Optimize _batched_lu_factor for dpnp.linalg.det/slogdet (#2572)

vlad-perevezentsev · web-flow · commit 879a6292cc8a · 2025-09-18T12:52:41.000+02:00
This PR suggests optimizing and simplifying `_batched_lu_factor` logic
by replacing per-iteration allocations with a single preallocated buffer
and batch-axis views which improves performance in `dpnp.linalg.det` and
`dpnp.linalg.slogdet`
diff --git a/CHANGELOG.md b/CHANGELOG.md
@@ -42,6 +42,7 @@ and this project adheres to [Semantic Versioning](https://semver.org/spec/v2.0.0
 * Improved performance of `dpnp.isclose` function by implementing a dedicated kernel for scalar `rtol` and `atol` arguments [#2540](https://github.com/IntelPython/dpnp/pull/2540)
 * Extended `dpnp.pad` to support `pad_width` keyword as a dictionary [#2535](https://github.com/IntelPython/dpnp/pull/2535)
 * Redesigned `dpnp.erf` function through pybind11 extension of OneMKL call or dedicated kernel in `ufunc` namespace [#2551](https://github.com/IntelPython/dpnp/pull/2551)
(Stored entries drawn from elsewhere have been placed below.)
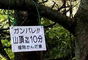 杓子山は高校生の頃に登って以来だった。 登山家からすると大した山ではないかもしれないが、頂上までの急坂は大変だった。 下の看板が大変な励みになった。 |
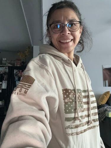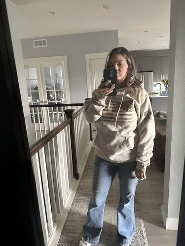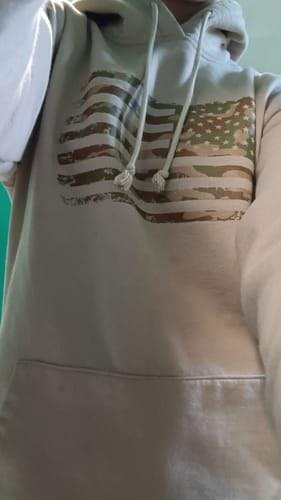 This PREMIUM heavyweight hoodie is a blend of preshrunk cotton and polyester and runs BIG! If you're looking for an oversized, super cozy hoodie, YOU FOUND IT! American made from cotton to printing, this one features an American flag clad in arid camo and our assaulting forward Old Glory logo on the right sleeve.
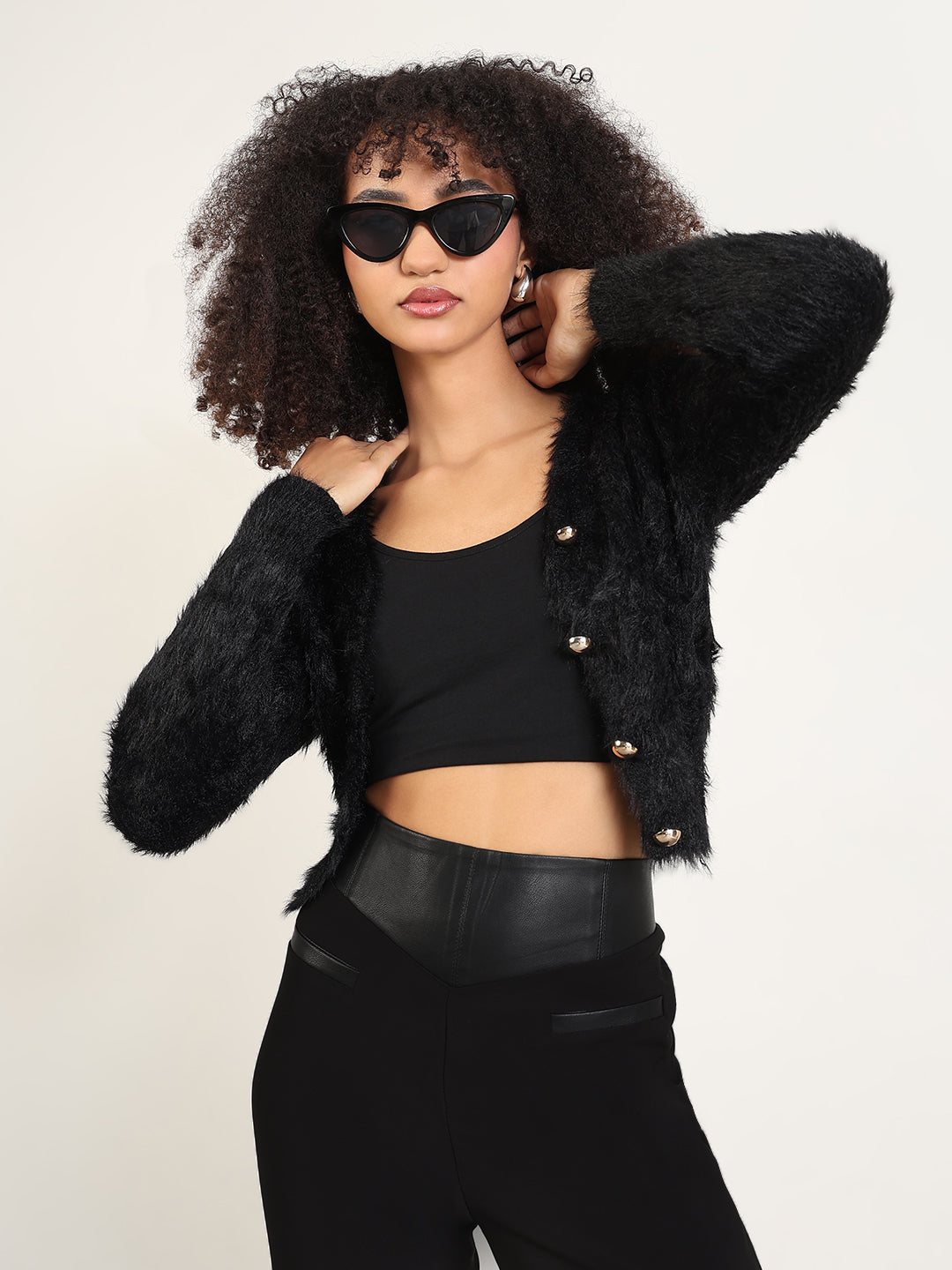 Elevate your winter wardrobe with our Women’s Black Solid V-Neck Crop Shrug. This stylish piece is crafted from high-quality Acrylic material, ensuring both comfort and warmth. Its full sleeves and trendy crop design make it a versatile addition to any casual outfit, perfect for layering over your favorite tops.
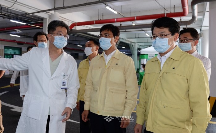 복기왕 충남 아산시장(오른쪽)이 지난 8일 오후 안희정 충남도지사(가운데) 등 관계자들과 함께 천안 단국대병원을 전격 방문해 병원 관계자 및 의료진을 만나 위로하고 있다.(사진제공=아산시청)
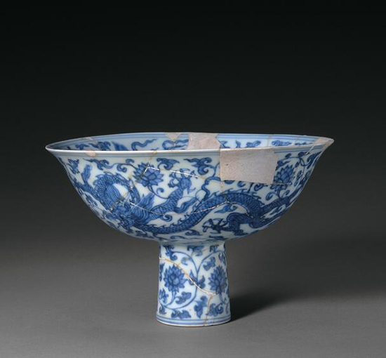 青花龙穿缠枝莲纹高足碗
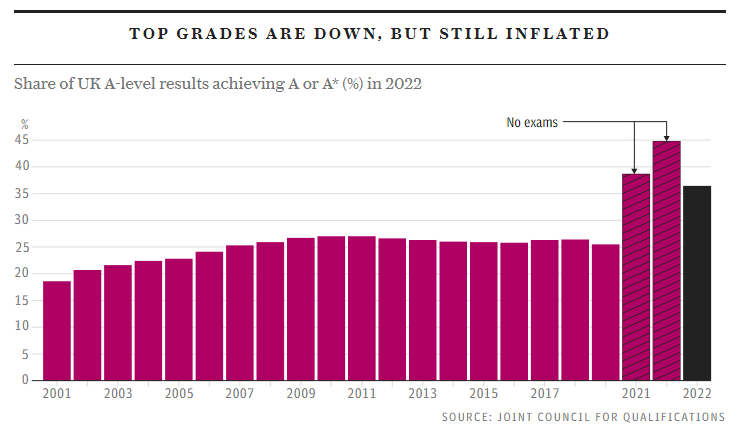2022 夏季A-Level考試都已放榜,今年A-Level考試人次突破78萬,刷新近五年的紀(jì)錄,再創(chuàng)新高!而英國考試局官方也增加了今年評(píng)分標(biāo)準(zhǔn)的嚴(yán)格程度,僅36.4%的學(xué)生獲得A*或A,這一比例跟去年創(chuàng)歷史新高的44.8%相比,有所下降。今年共有近42.6萬英國學(xué)生獲大學(xué)學(xué)位課程錄取,錄取人數(shù)較去年跌2%。
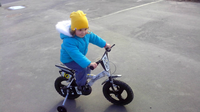 Наш Велосипед Juventus бесопасен на столько, насколько вообще можно сделать безопасным велосипед. Даже при развороте с максимальным поворотом руля велосипед не делает и намека на "заваливание", он устойчив, педали крутятся, как по маслу, Ксюня на нем рассекает с огромным удовольствием. Ну и ручной тормоз - это оказалось даже преимуществом, так как педали могут прокручиваться назад, а значит ребенок может их прокрутить ровно до того момента, когда ему удобно будет толкаться, чтобы тронуться вперед.
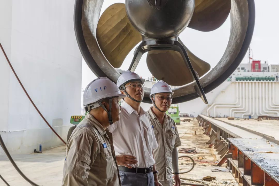 中交三航局副总经理王伟明、公司总经济师李瑞祥,以及中国船级社相关负责人等出席下水仪式。
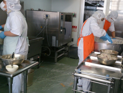 「みそカツ」のカツは、塩、こしょうで下味をつけた豚肉に小麦粉とパン粉でまぶし、油で揚げます。みそは、八丁みそ、赤みそ、砂糖、みりんを使用しています。一人2個あてのみそカツに、児童は大喜びでした。
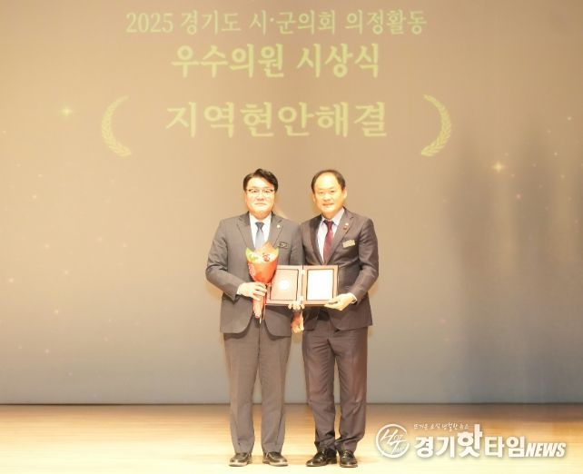 [경기핫타임뉴스=김형철 기자] 포천시의회 연제창 부의장이 24일 동두천시 시민회관에서 열린 2025년 경기도시·군의회 의정활동 우수의원 시상식에서 지역현안해결 분야 우수의원으로 선정되는 영예를 안았다.

+* Improved performance of batched implementation of `dpnp.linalg.det` and `dpnp.linalg.slogdet` [#2572](https://github.com/IntelPython/dpnp/pull/2572)
 
 ### Deprecated
 
diff --git a/dpnp/linalg/dpnp_utils_linalg.py b/dpnp/linalg/dpnp_utils_linalg.py
@@ -297,26 +297,27 @@ def _batched_lu_factor(a, res_type):
     batch_size = a.shape[0]
     a_usm_arr = dpnp.get_usm_ndarray(a)
 
+    # `a` must be copied because getrf/getrf_batch destroys the input matrix
+    a_h = dpnp.empty_like(a, order="C", dtype=res_type)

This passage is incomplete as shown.